ABC.9: Graphical applications on GenomeDK
Slides
Today’s slides
Table of Contents
Concepts
What is a graphical application
A graphical application provides a user interface that allows users to interact with software visually rather than through text-based commands.
Examples of graphical applications very popular in bioinformatics are Jupyterlab and Rstudio.
What is tunnelling
SSH tunneling is a method of transporting arbitrary networking data over an encrypted SSH connection
You can transport any type of data, for example when you use a command to transfer a dataset from GenomeDK to your own computer, or vice versa. Tunnelling can also be used to constantly transfer data from graphical applications, so that they can be viewed on your own computer.
Applications rendered locally with X11
There are various way of rendering applications running on GenomeDK on your local laptop. You might have encountered X11 (for example when using Rstudio Desktop installed in a conda environment), and noticed it is very laggy and slow, also graphically outdated.

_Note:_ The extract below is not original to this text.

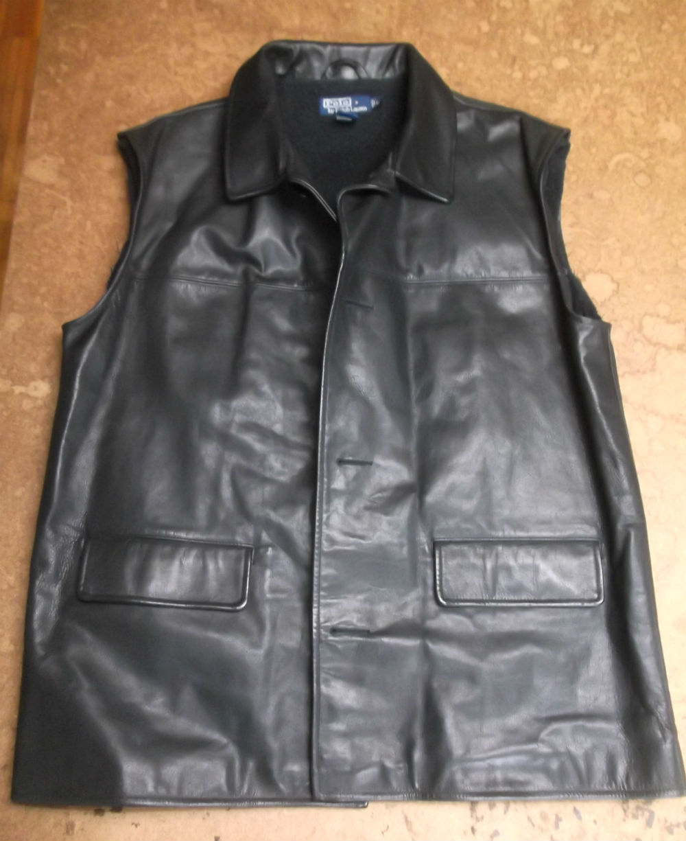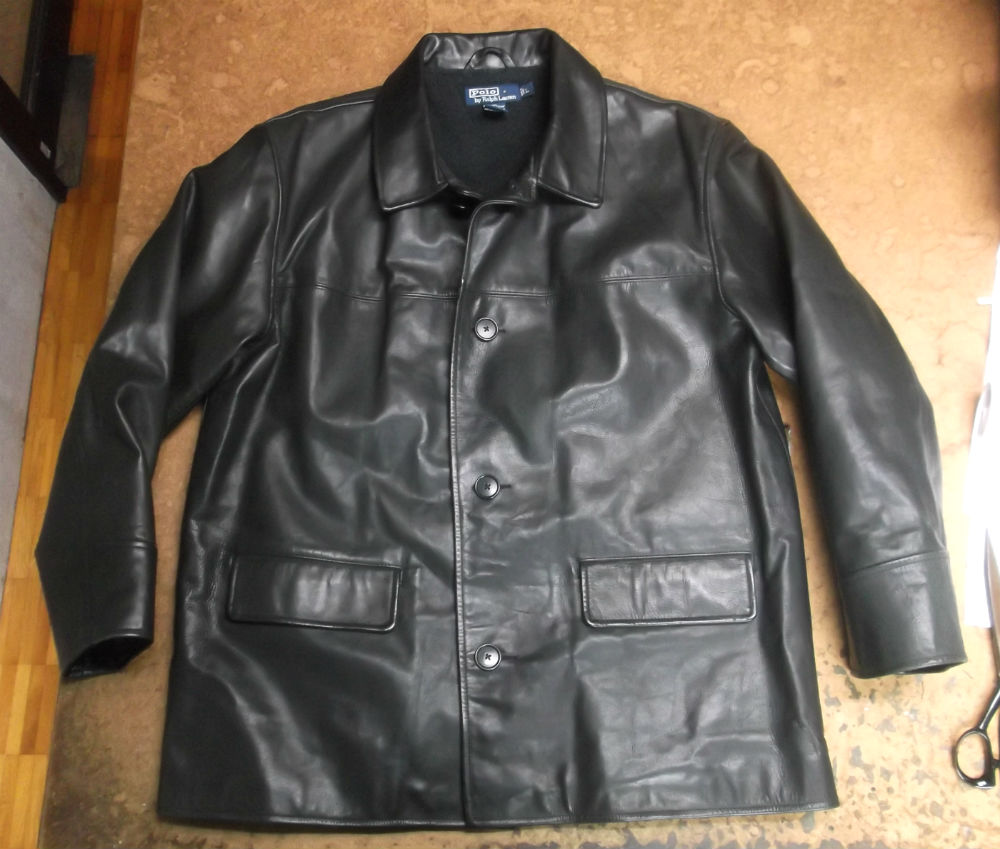 長い袖丈のラルフローレンのレザージャケットをお客さんの好みの長さに短くリサイズ 革ジャン袖丈詰め直し

X11 is based on sending all raw instructions for rendering across the network to your computer. This means that the whole graphics you see (icons, widgets, menus, buttons, …) has to travel over the network to your computer. Whenever you take an action, like opening a menu, the cluster needs to know that, so the menu can be rendered and the instructions to show it sent to your computer. This takes clearly a lot of time!

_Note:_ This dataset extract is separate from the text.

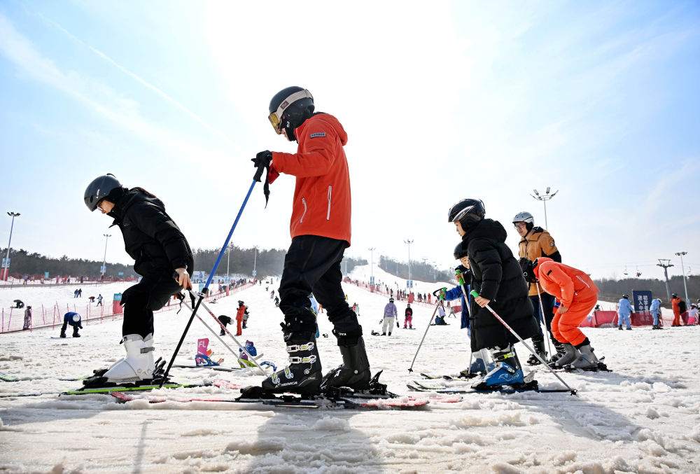 2月13日,游客在青島西海岸新區融創藏馬山滑雪場學習滑雪。當地以“冰雪+文化”“冰雪+旅游”聚人氣、促消費、添年味。新華社記者 李紫恒 攝
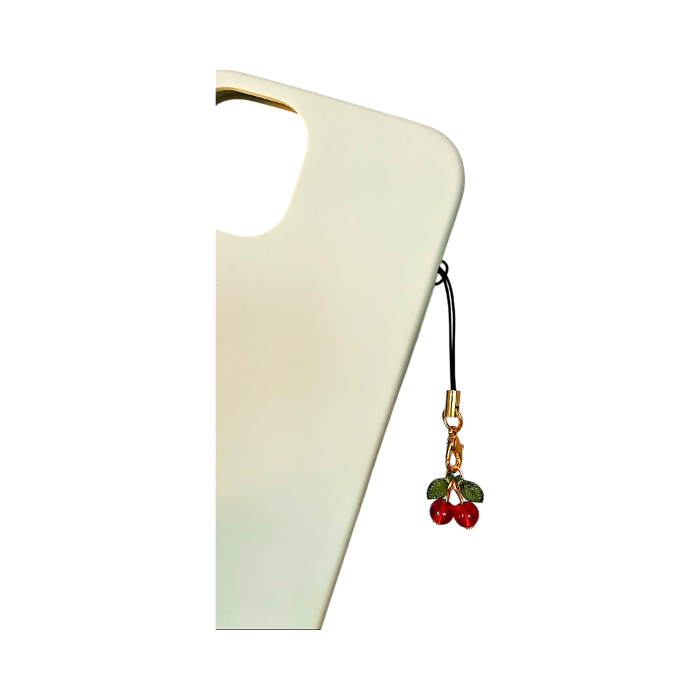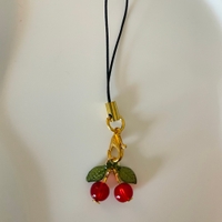 Söpö käsintehty kirsikkakännykkäkoru, kultaisilla yksityiskohdilla🍒

X11 does all the rendering and provides instructions to show the graphical interface. Each change in the interface has to go through the network to be shown locally.
Applications rendered locally with a web interface
A faster and lighter way of rendering applications is through web-based interfaces. A web server is deployed on the cluster, and it transfer data over the network. Rendering instructions are all executed directly by the browser on the local computer, and do not need to travel over the network.
What travels over the network are simple scripts, which th browser will interpret to visualize and update the graphical interface. Examples of web-based applications are Rstudio Server and Jupyterlab, but also all the interactive browsers that you can find online to explore OMICS data!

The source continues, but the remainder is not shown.